### Try it
Repeat exactly the opening lines of the records, ending with the line that contains "这里有大片的绿草地,同学们可".
(Beginning of Source records)
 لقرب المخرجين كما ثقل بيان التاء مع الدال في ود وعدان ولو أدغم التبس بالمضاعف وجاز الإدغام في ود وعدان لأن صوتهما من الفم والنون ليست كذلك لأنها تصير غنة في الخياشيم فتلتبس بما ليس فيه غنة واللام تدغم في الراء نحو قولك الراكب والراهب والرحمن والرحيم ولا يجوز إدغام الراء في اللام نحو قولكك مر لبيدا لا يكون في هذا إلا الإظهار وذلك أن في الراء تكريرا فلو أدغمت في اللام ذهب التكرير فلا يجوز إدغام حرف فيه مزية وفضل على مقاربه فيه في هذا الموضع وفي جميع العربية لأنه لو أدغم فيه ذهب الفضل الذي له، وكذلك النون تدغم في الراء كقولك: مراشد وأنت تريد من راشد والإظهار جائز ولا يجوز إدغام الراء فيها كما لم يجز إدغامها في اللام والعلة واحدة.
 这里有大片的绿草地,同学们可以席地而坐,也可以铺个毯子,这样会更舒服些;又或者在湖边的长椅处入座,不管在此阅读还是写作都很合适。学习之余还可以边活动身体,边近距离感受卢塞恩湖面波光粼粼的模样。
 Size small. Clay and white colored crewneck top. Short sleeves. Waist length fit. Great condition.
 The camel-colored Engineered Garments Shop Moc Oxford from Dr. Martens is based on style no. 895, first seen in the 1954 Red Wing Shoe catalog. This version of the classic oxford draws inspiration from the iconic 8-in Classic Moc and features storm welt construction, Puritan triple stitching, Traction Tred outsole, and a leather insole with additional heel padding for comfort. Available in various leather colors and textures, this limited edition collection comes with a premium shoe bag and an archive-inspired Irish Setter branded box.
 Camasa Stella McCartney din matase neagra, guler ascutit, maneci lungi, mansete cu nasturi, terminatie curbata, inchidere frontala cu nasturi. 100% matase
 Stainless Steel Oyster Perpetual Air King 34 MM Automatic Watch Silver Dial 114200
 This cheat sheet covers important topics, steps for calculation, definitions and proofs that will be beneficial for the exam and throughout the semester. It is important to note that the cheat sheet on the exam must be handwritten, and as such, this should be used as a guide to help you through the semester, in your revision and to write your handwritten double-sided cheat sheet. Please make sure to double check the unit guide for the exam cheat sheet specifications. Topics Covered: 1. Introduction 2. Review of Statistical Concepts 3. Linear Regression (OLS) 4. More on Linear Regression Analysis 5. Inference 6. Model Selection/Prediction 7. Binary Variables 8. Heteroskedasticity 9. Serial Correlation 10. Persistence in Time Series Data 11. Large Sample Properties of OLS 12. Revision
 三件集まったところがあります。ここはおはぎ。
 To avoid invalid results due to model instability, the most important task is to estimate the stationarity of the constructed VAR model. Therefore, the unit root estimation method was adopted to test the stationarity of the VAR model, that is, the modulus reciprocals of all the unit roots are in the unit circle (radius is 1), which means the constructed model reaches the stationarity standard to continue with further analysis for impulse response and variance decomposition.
(End of Source records)
### Answer to the exercise
 لقرب المخرجين كما ثقل بيان التاء مع الدال في ود وعدان ولو أدغم التبس بالمضاعف وجاز الإدغام في ود وعدان لأن صوتهما من الفم والنون ليست كذلك لأنها تصير غنة في الخياشيم فتلتبس بما ليس فيه غنة واللام تدغم في الراء نحو قولك الراكب والراهب والرحمن والرحيم ولا يجوز إدغام الراء في اللام نحو قولكك مر لبيدا لا يكون في هذا إلا الإظهار وذلك أن في الراء تكريرا فلو أدغمت في اللام ذهب التكرير فلا يجوز إدغام حرف فيه مزية وفضل على مقاربه فيه في هذا الموضع وفي جميع العربية لأنه لو أدغم فيه ذهب الفضل الذي له، وكذلك النون تدغم في الراء كقولك: مراشد وأنت تريد من راشد والإظهار جائز ولا يجوز إدغام الراء فيها كما لم يجز إدغامها في اللام والعلة واحدة.
 这里有大片的绿草地,同学们可以席地而坐,也可以铺个毯子,这样会更舒服些;又或者在湖边的长椅处入座,不管在此阅读还是写作都很合适。学习之余还可以边活动身体,边近距离感受卢塞恩湖面波光粼粼的模样。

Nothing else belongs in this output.